By Eduardo Berdejo
Bishop Hugo Torres Marín de Apartadó said Oct. 11 that there was a humanitarian crisis near the Panamanian border when thousands of people risked their lives to cross the Darien jungle into the United States.
For several days now, thousands of migrants, many of them Venezuelans, have been arriving in the region of Colombia that lies across the Gulf of Uraba from Panama and waiting in the city of Necoclí on the Colombian coast for the opportunity to cross by boat to Capurganá in Panama, and from there cross the Darién Gap north to the United States. An adventure of more than 3,000 miles.
However, on the route, they are exposed to robbery, human trafficking and death.
In response, the general director of Migration Colombia, Fernando García Manosalva, recently visited the Urabá region to learn about the scenario in the Colombian towns of Carepa, Turbo, Apartadó, Necoclí, Acandí and Capurganá, where there are about 8,000 migrants.
In an interview with Noticias Caracol, Bishop Torres, in whose diocese these towns are located, said: “I believe this is a humanitarian crisis. “
The prelate said almost all the migrants are Venezuelans. “Many arrive in extreme poverty, without money, without clothes, without enough shoes to cross a border and a road as complicated as Darién,” he said.
“The bad thing,” he said, “is that the call has made the boats not to bring so many people and have to stay on the beaches, because they do not have to pay anything for a hotel and that makes the lives of those other people [much worse].

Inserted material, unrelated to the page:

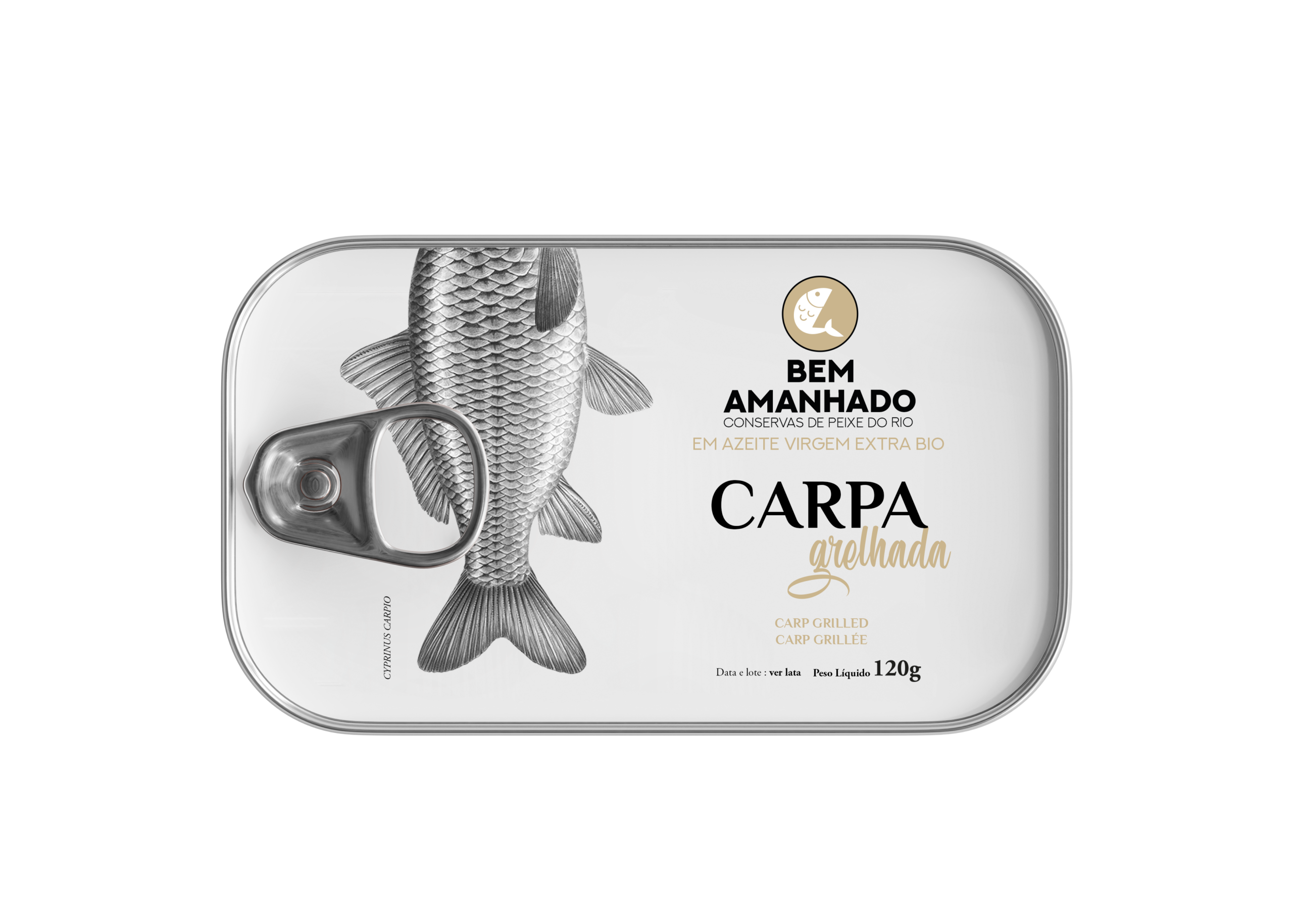 Carp (65%); organic extra virgin olive oil; garlic; coriander and salt. (Certified by PT-BIO-02). Allergens: contains fish – May contain bones Net weight: 120 g – Wild fish of UE origin

The bishop, who asked the government for good enough solutions, said he visited the town of Capurgana. “I ended up with a very young population, in their 30s and 40s, blindly following their path,” he said.
“They just need to move into the United States, improve their living conditions, improve the fitness of their children, [receive] a special (medical) remedy for their families,” but they are confused, he said.
Torres said that on the way, the migrants encountered “many other people asking them for money . . . Others have to borrow from them, others mistreat them. ” Citizens of countries crossed by migrants look at them with indifference and do not assist them, he added.
In an interview with the AP, Colombian Ombudsman Carlos Camargo said the existing scenario is “much more serious” than that of 2021, when thousands of people, mostly Haitians, arrived in Necoclí.
“The number of other people on the move who have left for Panama [so far in 2022] exceeds 150,000 to [with] the 134,000 migrants in 2021. And the trend is to keep increasing,” Camargo said.